Over the course of the awful week since the bombing, I’d wished so fervently that she was there with me in France—a calm, skilled physician like Maman was just what we needed, not someone like me, a woman who took a nursing job once-upon-a-time because that’s all that she could find and the war had disrupted her plans to train as a translator. But now, lying in the dark beside Noah, I pictured my mother’s face and despite everything, a wave of homesickness crashed through me.

“My relationship with Maman is complicated,” I said. “That’s all. It’s just so complicated.”

“Every relationship is complicated. Even ours.”

“Ours is simple,” I protested and Noah chuckled.

“Sure it is, if you consider a relationship between two-friends-now-spies-pretending-to-be-spouses to be simple.”

“She calls me Jocelyn,” I blurted.

“Isn’t that your name?” he said, laughing in surprise.

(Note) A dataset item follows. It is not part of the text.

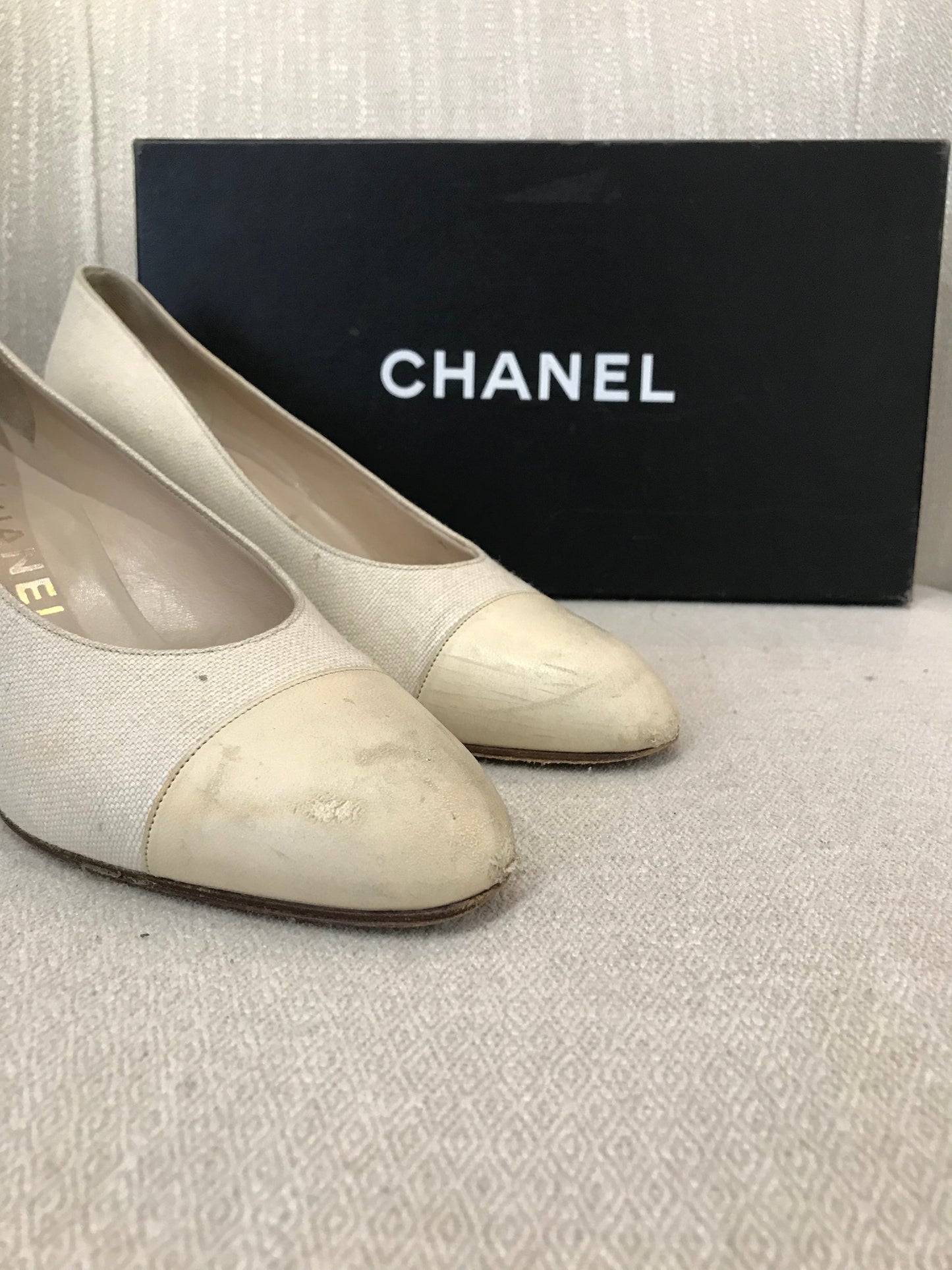 Bon état, quelques marques d'usures au bout des talons et tâches sur la toile (voir photos). Avec boite

“Yes! But when I was small—maybe five or six—there was this terrible child a few apartments down from us who used to tease me because his grandfather’s name was Joscelin. I discovered that in France Joscelin was historically a male name, so I decided that since France was to be our home, I’d have to be known as Josie. Everyone else in my life—my doctors, my nannies, the few friends I managed to make—just quietly agreed and started calling me Josie. Not Maman. To this day, I am Jocelyn to her.”

“Jocelyn is a beautiful name.”

“The name isn’t the point,” I said, sighing. “It’s her stubbornness! But…I miss her. I love her so much and I just want her to be proud of me.”

“She will be,” Noah whispered back. “One day, she’ll understand.”

“Here am I complaining to you about my complicated relationship with my mother when you lost your entire family three years ago,” I said, turning to face him at last.

“I asked, remember? I want—” He broke off suddenly. His voice was little more than a whisper when he admitted, “All I can think about these days is how short life is. We are here in such danger and every minute of the day I’m conscious that anything could happen. I just feel like we have to make the most of every minute we share. Even this week, when everything feels so out of control, just having you here beside me gives me hope for the future.”